Quote the whole listing word for word. Do not include the pictures.

**SUPPLIED RECORDS:**
________________
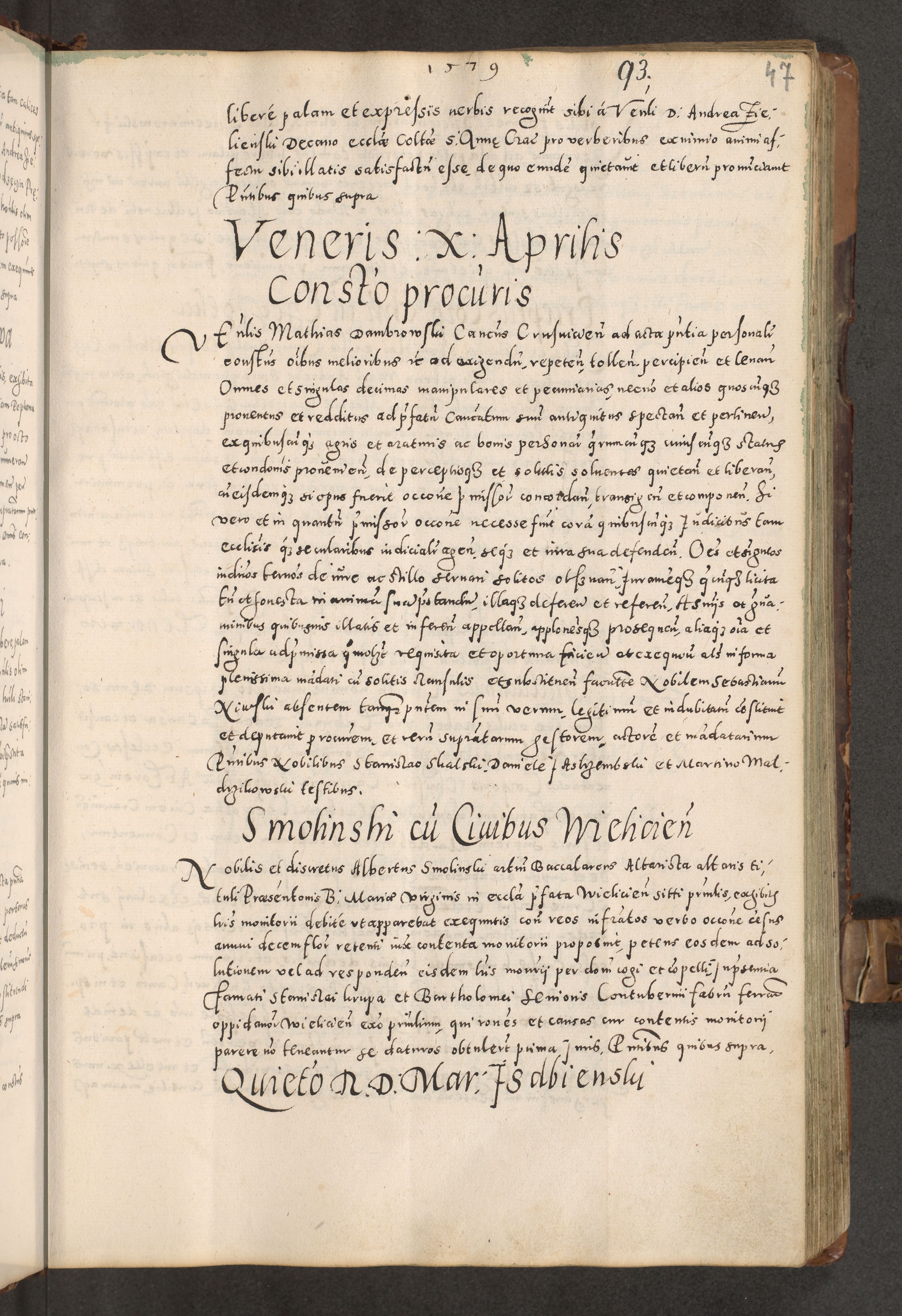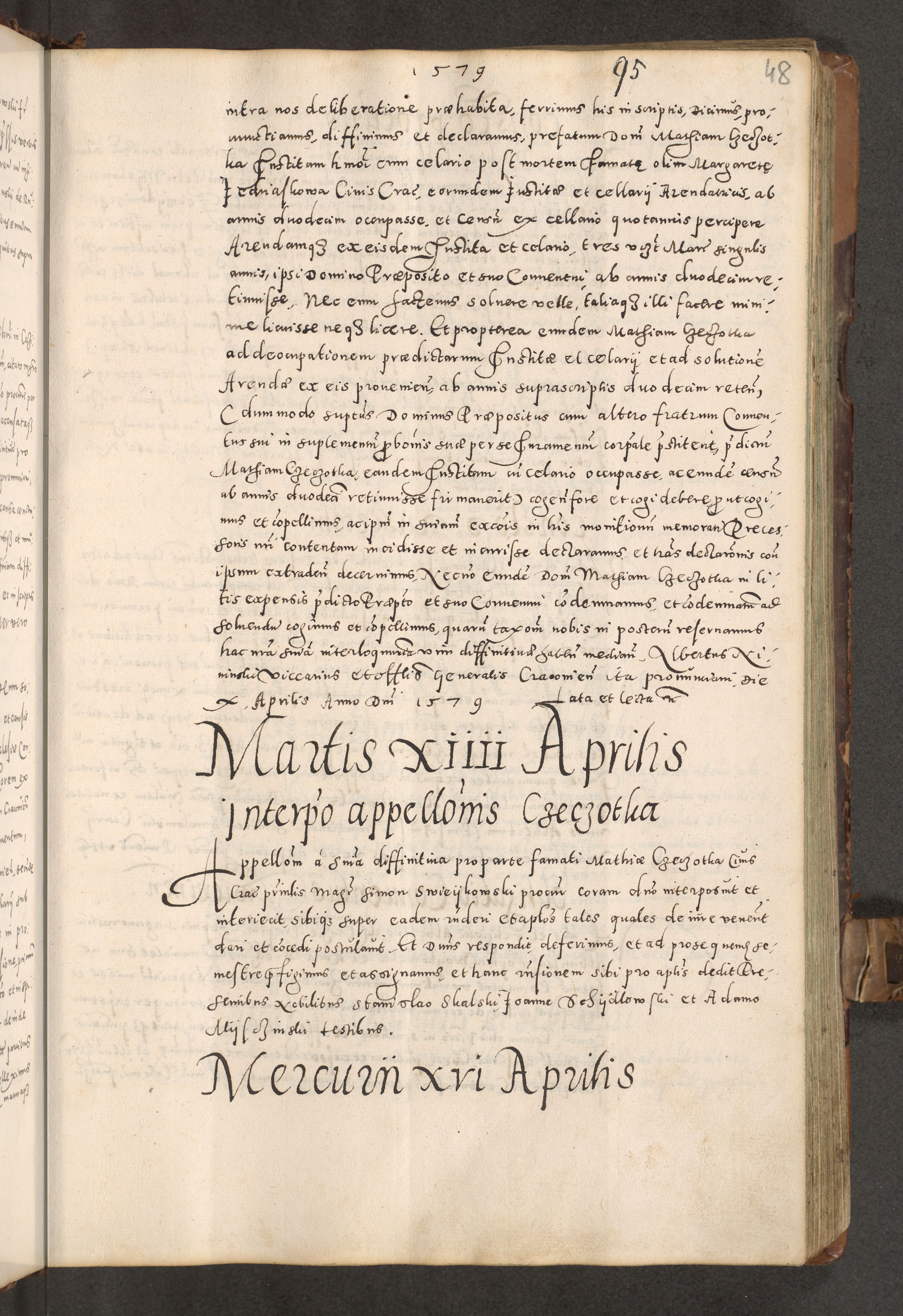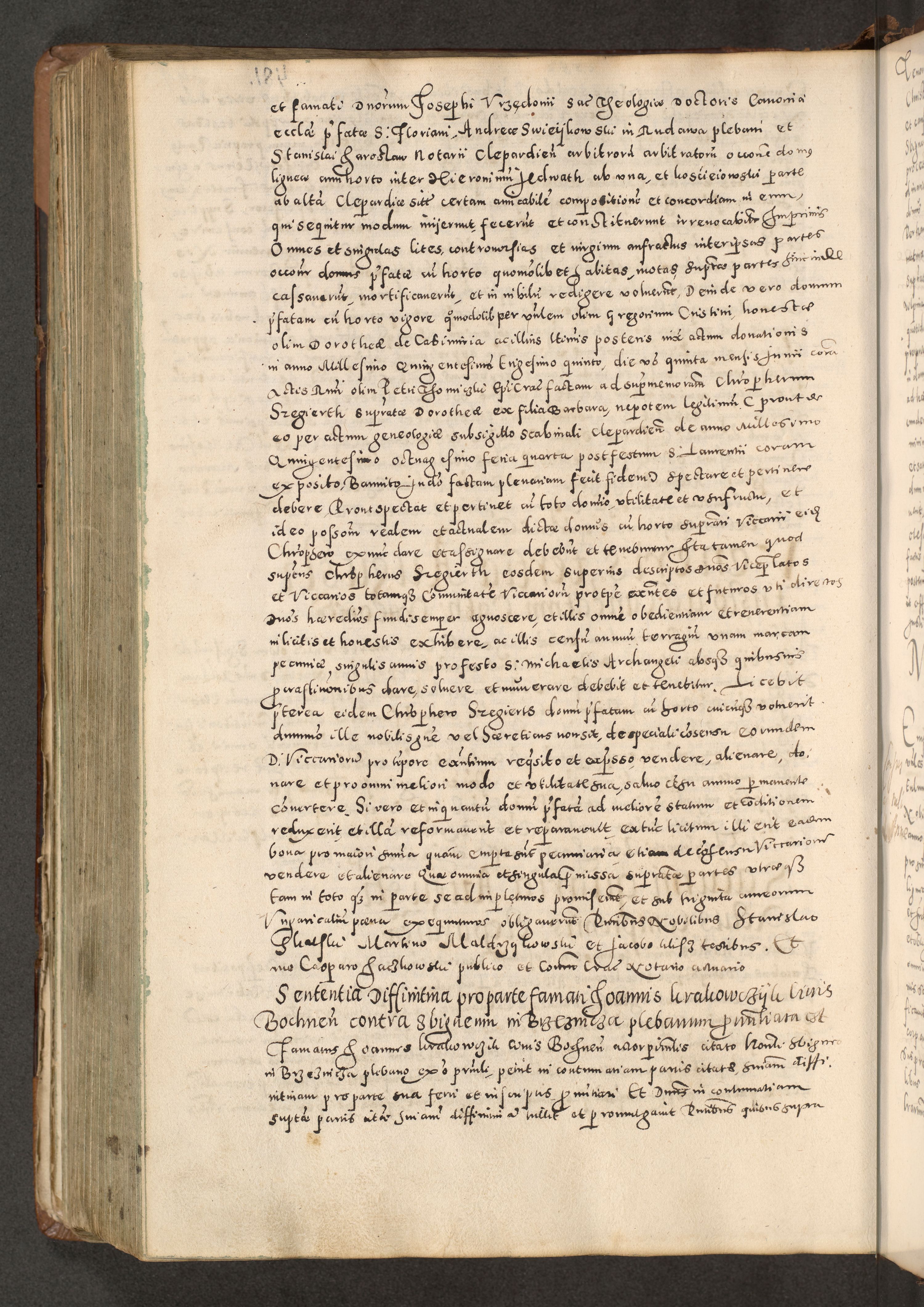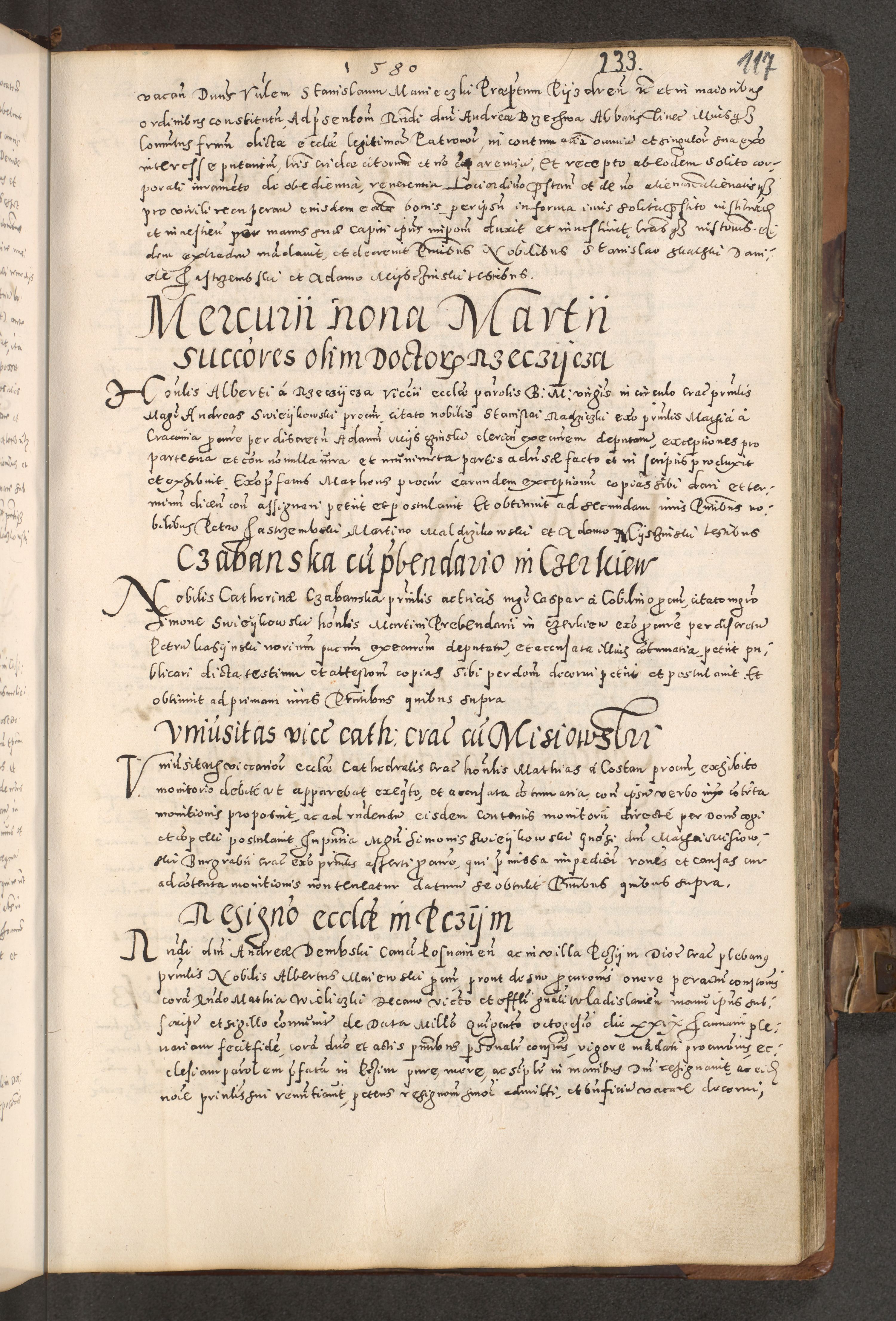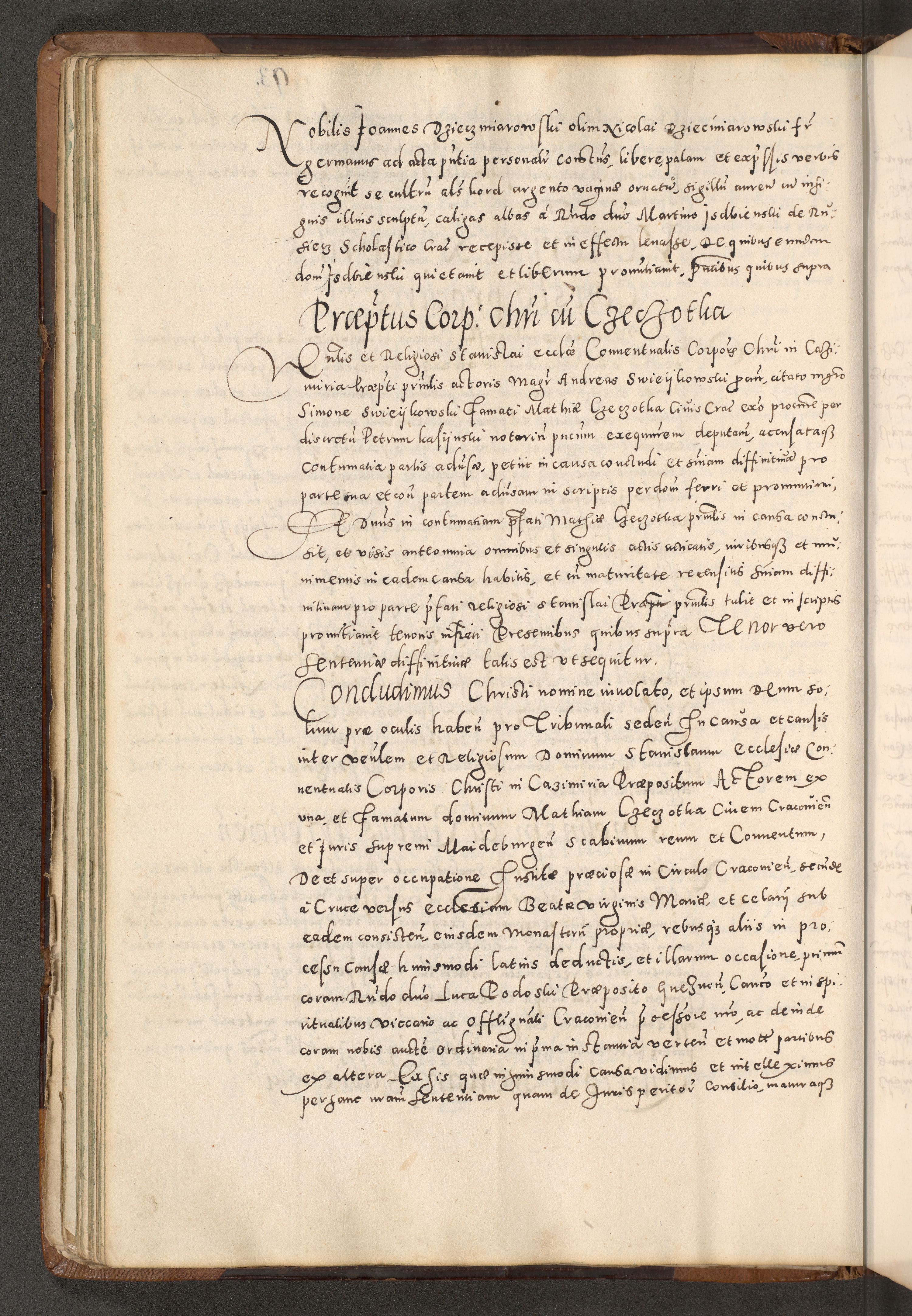 Acta actorum causarum tam diffinitivarum quam interloquutoriarum sententiarum decretorum obligationum quietatorum constuorum pro reverendum coram Reverendo Domino Alberto Nininski Custode Sandecensis Canonico et Archipresbitero Viccarioque in Spiritualibus ac Officiali Generali Cracoviensis ad Annum Domini Millesimum Qumgentesimum Septuagentesimum Nonum cuius Judictio septima Pontificat SS. nostri Domini Gregory pp. tredecimi Anno septimo inchoantur faliciter
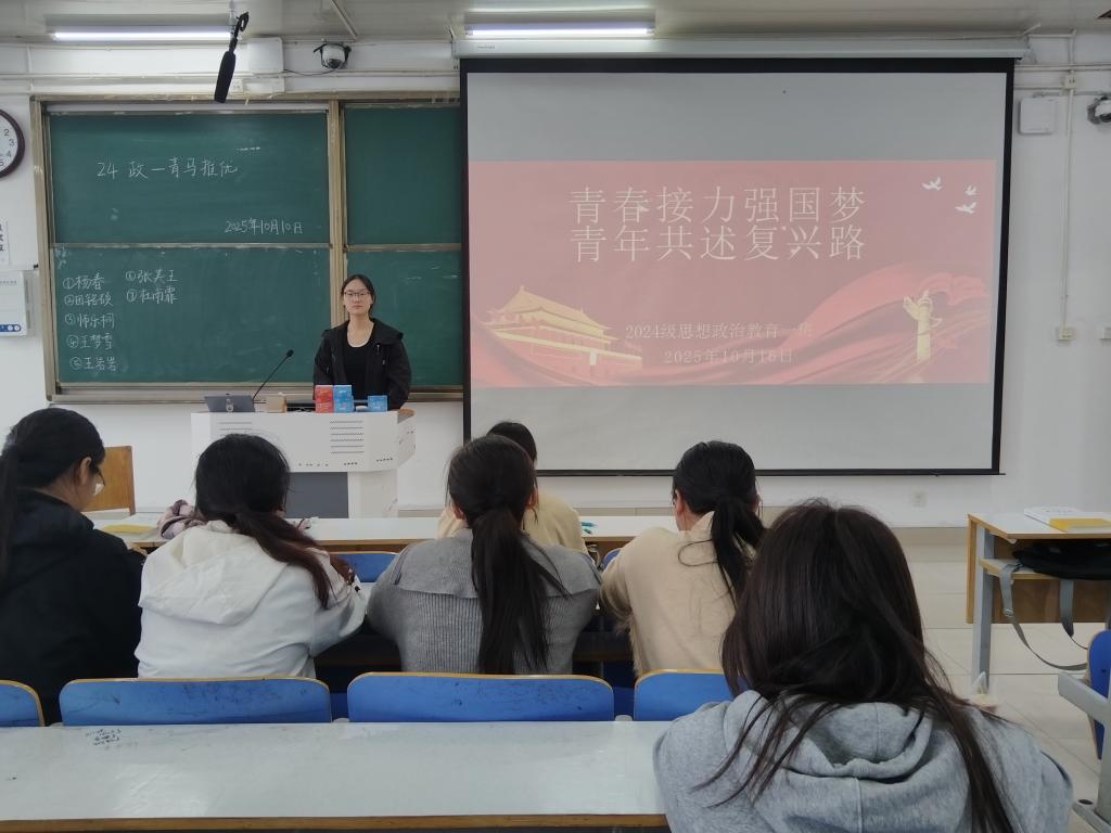 为帮助我班学生深入了解国家发展历程,清晰认识新时代强国梦、复兴路的核心内涵,并能将个人成长与国家发展、民族复兴相联系,树立责任和担当意识,10月16日上午,必赢76net线路官网2024级思政一班于社科楼514教室开展“青春接力强国梦,青年共述复兴路”主题团课。本次团课由团支书李冉主持,一班全体同学参加。
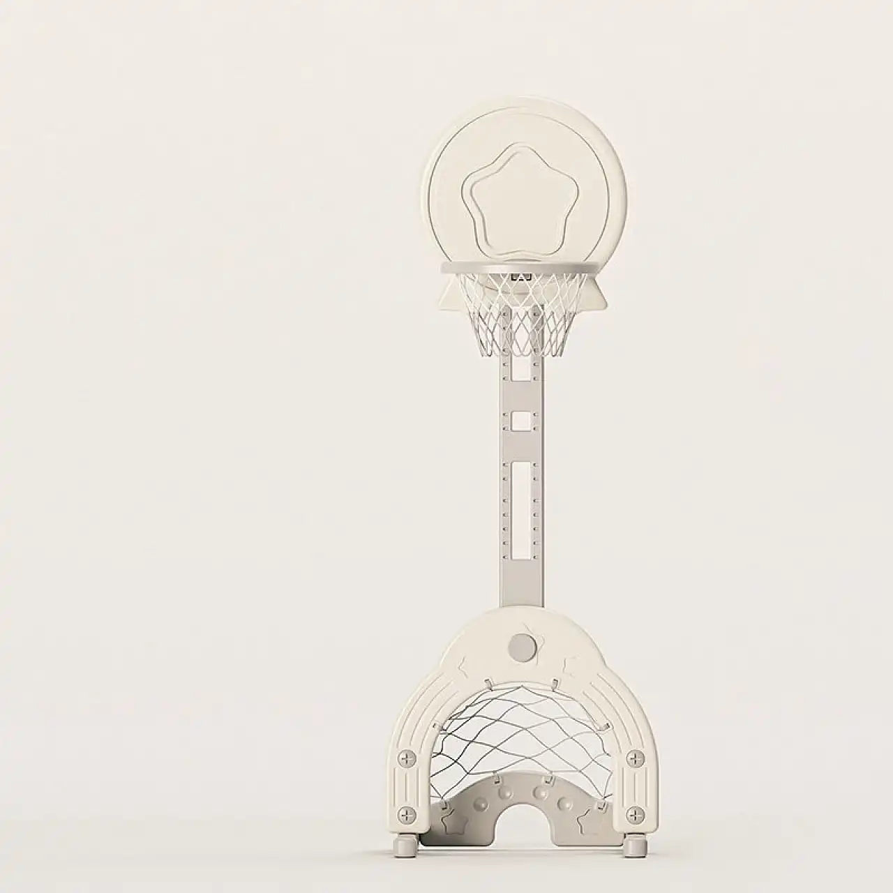 Ця баскетбольна стійка з регульованою висотою також містить ворота для міні-футболу та ключку для гольфу з м’ячем . Починаючи з 3 років , ваша дитина може вправлятися в ударах, кидати по воротах або махати в гольф!
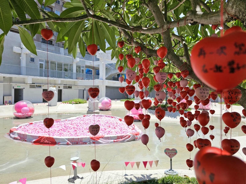 觀光旅遊局林國華局長表示,為延續民眾的祝福與紀念,觀光旅遊局近日陸續將許願民眾所寫的愛心球集中串接,懸掛於園區樹上,形成一串串紅色心願景象,讓參與者能在現場重新尋找當初許下的心願,增添一份溫馨感動。觀光旅遊局鼓勵尚未許願的朋友也能前來體驗扭蛋活動,獲得愛心球並寫下自己的願望,投入「愛情許願池」中,象徵將祝福寄託在這片幸福場域。
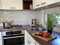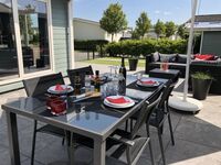 Unser Chalet ist eingezäunt, bietet 2 Schlafzimmer, einen wunderschönen Wohn-/Essbereich mit Klimaanlage und eine gut ausgestattete Küche (u.a. Spülmaschine, Gasherd, Backofen, Mikrowelle, Filterkaffee- und Senseomaschine usw.), eine große Sonnenterrasse, und, und, und - ideal für eine Familie mit bis zu 2 Kindern.
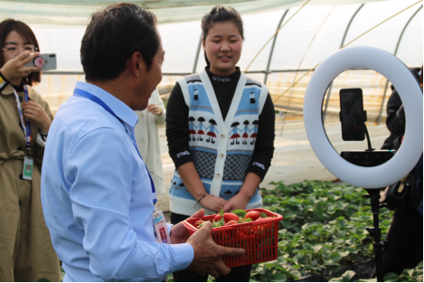 通过上午理论课的讲授,为了能够稳扎稳打的让学员掌握直播的实践操作,巨校长带领一行人来到了兴平市永宏草莓基地开展了现场直播带货演示,在电商师生的协助下,一个临时直播间搭建在了田间地头的草莓帐篷里,电商学生化身带货小主播,帮助草莓种植农户快速进入直播状态,让农户真实的体验了一次当“带货主播”的感受。
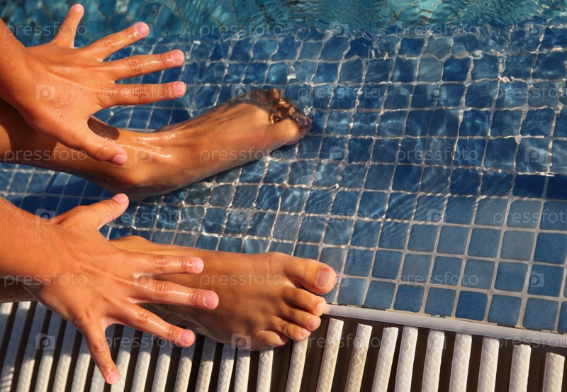 Руки касаются воды рядом с краем бассейна
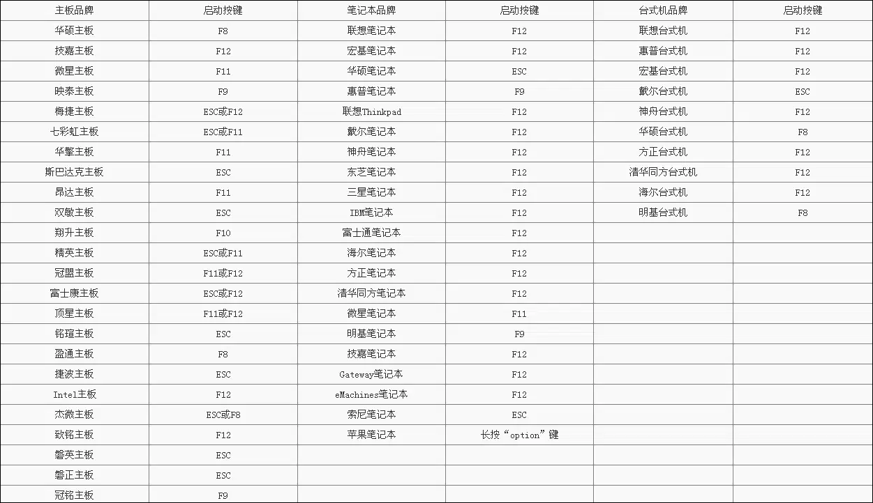 重启电脑后,在开机自检(POST)画面出现时,连续按下启动菜单热键进入PE。
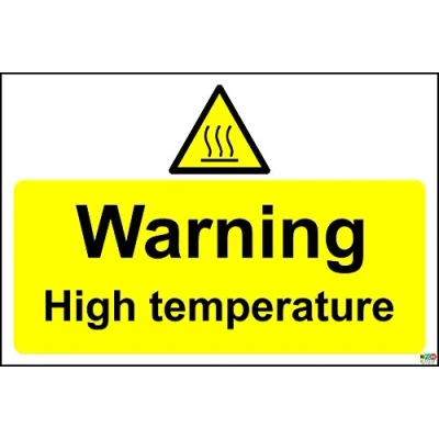 Warning high temperature sign Self adhesive vinyl 150mm x 100mm Digitally printed and laminated for extra durability Remove backing film and apply to dry, smooth, oil free surface.
________________
**SOLVED EXERCISE:**
 Acta actorum causarum tam diffinitivarum quam interloquutoriarum sententiarum decretorum obligationum quietatorum constuorum pro reverendum coram Reverendo Domino Alberto Nininski Custode Sandecensis Canonico et Archipresbitero Viccarioque in Spiritualibus ac Officiali Generali Cracoviensis ad Annum Domini Millesimum Qumgentesimum Septuagentesimum Nonum cuius Judictio septima Pontificat SS. nostri Domini Gregory pp. tredecimi Anno septimo inchoantur faliciter
 为帮助我班学生深入了解国家发展历程,清晰认识新时代强国梦、复兴路的核心内涵,并能将个人成长与国家发展、民族复兴相联系,树立责任和担当意识,10月16日上午,必赢76net线路官网2024级思政一班于社科楼514教室开展“青春接力强国梦,青年共述复兴路”主题团课。本次团课由团支书李冉主持,一班全体同学参加。
 Ця баскетбольна стійка з регульованою висотою також містить ворота для міні-футболу та ключку для гольфу з м’ячем . Починаючи з 3 років , ваша дитина може вправлятися в ударах, кидати по воротах або махати в гольф!
 觀光旅遊局林國華局長表示,為延續民眾的祝福與紀念,觀光旅遊局近日陸續將許願民眾所寫的愛心球集中串接,懸掛於園區樹上,形成一串串紅色心願景象,讓參與者能在現場重新尋找當初許下的心願,增添一份溫馨感動。觀光旅遊局鼓勵尚未許願的朋友也能前來體驗扭蛋活動,獲得愛心球並寫下自己的願望,投入「愛情許願池」中,象徵將祝福寄託在這片幸福場域。
 Unser Chalet ist eingezäunt, bietet 2 Schlafzimmer, einen wunderschönen Wohn-/Essbereich mit Klimaanlage und eine gut ausgestattete Küche (u.a. Spülmaschine, Gasherd, Backofen, Mikrowelle, Filterkaffee- und Senseomaschine usw.), eine große Sonnenterrasse, und, und, und - ideal für eine Familie mit bis zu 2 Kindern.
 通过上午理论课的讲授,为了能够稳扎稳打的让学员掌握直播的实践操作,巨校长带领一行人来到了兴平市永宏草莓基地开展了现场直播带货演示,在电商师生的协助下,一个临时直播间搭建在了田间地头的草莓帐篷里,电商学生化身带货小主播,帮助草莓种植农户快速进入直播状态,让农户真实的体验了一次当“带货主播”的感受。
 Руки касаются воды рядом с краем бассейна
 重启电脑后,在开机自检(POST)画面出现时,连续按下启动菜单热键进入PE。
 Warning high temperature sign Self adhesive vinyl 150mm x 100mm Digitally printed and laminated for extra durability Remove backing film and apply to dry, smooth, oil free surface.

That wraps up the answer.